● PROBLEM REQUIREMENTS: Pictures aside, copy every record word for word.

#####

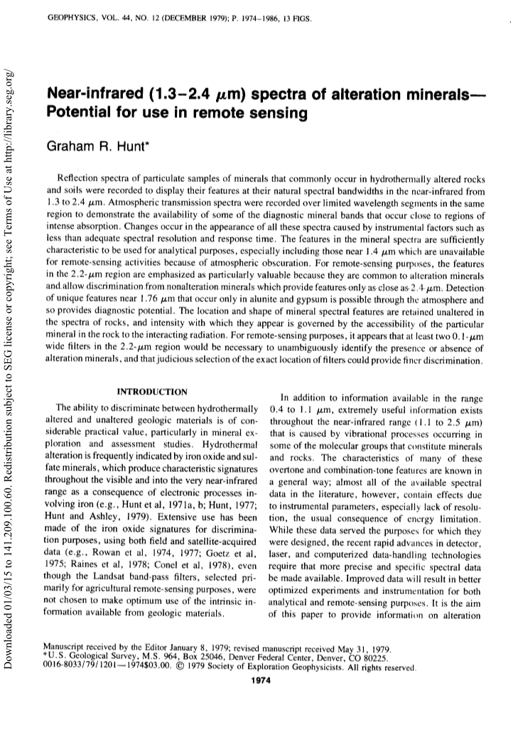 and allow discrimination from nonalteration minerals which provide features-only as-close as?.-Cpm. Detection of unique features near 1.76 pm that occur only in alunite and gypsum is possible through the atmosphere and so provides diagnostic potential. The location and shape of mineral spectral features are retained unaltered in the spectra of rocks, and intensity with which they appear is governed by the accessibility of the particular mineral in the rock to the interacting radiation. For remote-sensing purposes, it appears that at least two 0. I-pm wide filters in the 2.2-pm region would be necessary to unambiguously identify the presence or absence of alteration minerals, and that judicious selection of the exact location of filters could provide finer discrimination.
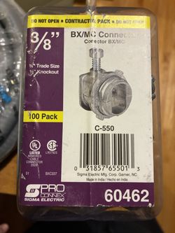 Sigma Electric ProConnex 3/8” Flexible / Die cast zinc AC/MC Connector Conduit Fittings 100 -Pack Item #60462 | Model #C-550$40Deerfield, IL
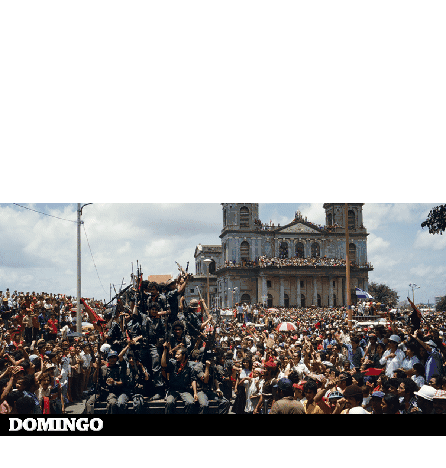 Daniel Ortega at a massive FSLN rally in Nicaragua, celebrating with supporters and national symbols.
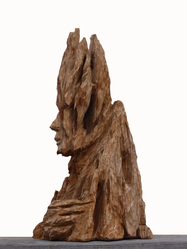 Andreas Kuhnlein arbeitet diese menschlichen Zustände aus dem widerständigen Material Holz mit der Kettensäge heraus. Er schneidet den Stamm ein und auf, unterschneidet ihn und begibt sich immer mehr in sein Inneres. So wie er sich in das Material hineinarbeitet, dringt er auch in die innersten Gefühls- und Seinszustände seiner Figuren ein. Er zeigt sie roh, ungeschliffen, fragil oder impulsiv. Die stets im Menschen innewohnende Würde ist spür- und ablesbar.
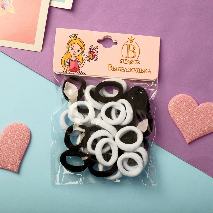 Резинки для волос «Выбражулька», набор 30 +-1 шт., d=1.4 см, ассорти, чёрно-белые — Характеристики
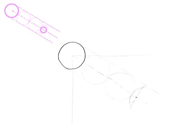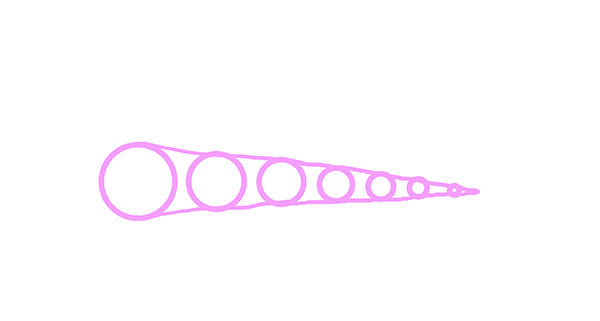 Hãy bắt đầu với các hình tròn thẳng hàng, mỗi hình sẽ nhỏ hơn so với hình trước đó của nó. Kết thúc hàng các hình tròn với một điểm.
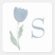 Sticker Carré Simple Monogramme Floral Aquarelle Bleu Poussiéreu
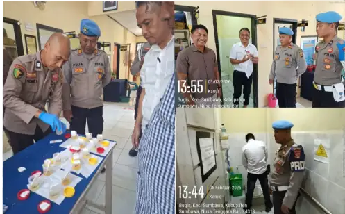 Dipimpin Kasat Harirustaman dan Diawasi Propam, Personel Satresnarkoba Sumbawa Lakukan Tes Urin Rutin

#####

● TASK RESPONSE:
 and allow discrimination from nonalteration minerals which provide features-only as-close as?.-Cpm. Detection of unique features near 1.76 pm that occur only in alunite and gypsum is possible through the atmosphere and so provides diagnostic potential. The location and shape of mineral spectral features are retained unaltered in the spectra of rocks, and intensity with which they appear is governed by the accessibility of the particular mineral in the rock to the interacting radiation. For remote-sensing purposes, it appears that at least two 0. I-pm wide filters in the 2.2-pm region would be necessary to unambiguously identify the presence or absence of alteration minerals, and that judicious selection of the exact location of filters could provide finer discrimination.
 Sigma Electric ProConnex 3/8” Flexible / Die cast zinc AC/MC Connector Conduit Fittings 100 -Pack Item #60462 | Model #C-550$40Deerfield, IL
 Daniel Ortega at a massive FSLN rally in Nicaragua, celebrating with supporters and national symbols.
 Andreas Kuhnlein arbeitet diese menschlichen Zustände aus dem widerständigen Material Holz mit der Kettensäge heraus. Er schneidet den Stamm ein und auf, unterschneidet ihn und begibt sich immer mehr in sein Inneres. So wie er sich in das Material hineinarbeitet, dringt er auch in die innersten Gefühls- und Seinszustände seiner Figuren ein. Er zeigt sie roh, ungeschliffen, fragil oder impulsiv. Die stets im Menschen innewohnende Würde ist spür- und ablesbar.
 Резинки для волос «Выбражулька», набор 30 +-1 шт., d=1.4 см, ассорти, чёрно-белые — Характеристики
 Hãy bắt đầu với các hình tròn thẳng hàng, mỗi hình sẽ nhỏ hơn so với hình trước đó của nó. Kết thúc hàng các hình tròn với một điểm.
 Sticker Carré Simple Monogramme Floral Aquarelle Bleu Poussiéreu
 Dipimpin Kasat Harirustaman dan Diawasi Propam, Personel Satresnarkoba Sumbawa Lakukan Tes Urin Rutin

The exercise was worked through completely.